How Hackers Cracked Yahoo

The investigation of the security breaches at Yahoo is painting a clearer picture of just how hackers manage to carry off such a massive breach of the internet company’s system.

According to accounts from law enforcement, the hackers involved in this case went on a “cyber skulduggery” spree that involved information scraping, mass spamming and more than 500 million accounts’ worth of information escaping out into the wilds of the dark web starting in early 2014. The attackers apparently found a way to turn Yahoo’s own systems against itself — and then used the same system to actually erase their digital footprints.

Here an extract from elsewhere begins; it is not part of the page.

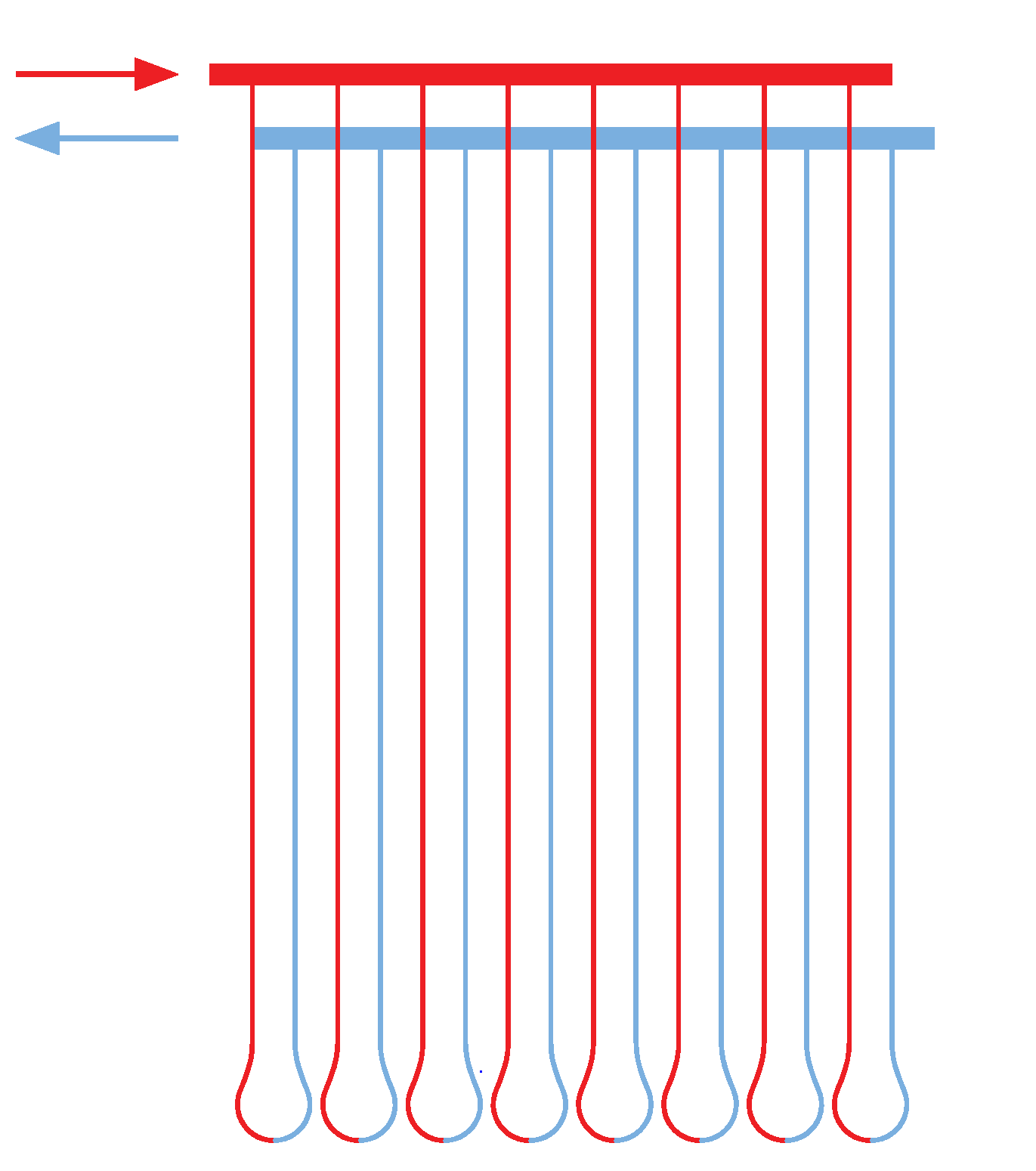 - große Wärmeaustauschfläche dank geringer Kapillarrohrabstände (gleichmäßige Wärmeverteilung auf den Oberflächen)

The report also shed additional light on a Russian connection to the hack that has raised some concerns — particularly in the current political environment, where perceived Russian interference has become a particularly sensitive topic. Among those targeted in the Yahoo breach were Russian and American government officials. One target was a Nevada gaming official — another,  a consultant who analyzed Russia’s bid for World Trade Organization inclusion. The hack also caught up 14 employees of a Swiss financial firm specializing in bitcoin.

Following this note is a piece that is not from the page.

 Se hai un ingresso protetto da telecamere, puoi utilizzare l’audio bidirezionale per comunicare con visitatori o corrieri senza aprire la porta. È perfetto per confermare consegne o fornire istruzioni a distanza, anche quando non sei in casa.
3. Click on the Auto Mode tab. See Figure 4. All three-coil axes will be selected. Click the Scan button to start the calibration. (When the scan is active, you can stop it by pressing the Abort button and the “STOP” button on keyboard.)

So far, four men have been charged in the breach — including two officers at Russia’s spy agency.

But the scheme seems to at least in part be about good old-fashioned greed. For example, one of the hackers, Alexsey Belan, manipulated the results of some users’ searches on Yahoo to send them to an online pharmacy that paid Mr. Belan for the traffic.

Much of the malarky was made possible by a Yahoo system called the User Database. That database was Yahoo’s digital home for all kinds of desirable data like usernames, alternative email accounts and phone numbers. Passwords were encrypted via hashing, meaning they might have been hard to hack into. But then, the hackers didn’t really need to do that much work — instead they just stole a set of unique, near-random numbers attached to Yahoo accounts.

That allowed them to create session cookies that essentially tricked Yahoo’s servers into thinking that legitimate users who had previously logged in to their accounts were returning to the site.

The hackers also go their hands on Yahoo’s Account Management Tool, which — when combined with the database — could be used (and apparently was used) to create a map of the companies or organizations where Yahoo users may have worked.

The cybercriminals also got access to more than 6,500 Yahoo accounts, and then used that information to break into others.  And important “others” — diplomats, lawmakers and technology employees were all on the list, according to the FBI.

Mr. Belan has faced hacking charges before — he was arrested in in 2013 but managed to get back to mother Russia before he could be extradited from Europe, where he was caught.  A Russian official said Washington hadn’t consulted Moscow on the case and suggested the allegations were related to domestic politics in the U.S.

What remains a mystery — and a disturbing one — is just how exactly the hackers got so far into Yahoo’s system.  This attack was the first of two massive breaches recently reported by Yahoo — the charges do not cover the second one, which occurred in 2013 and affected more than one billion accounts. According to reports, the 2013 data had been protected by weaker cryptographic techniques than the 2014 data.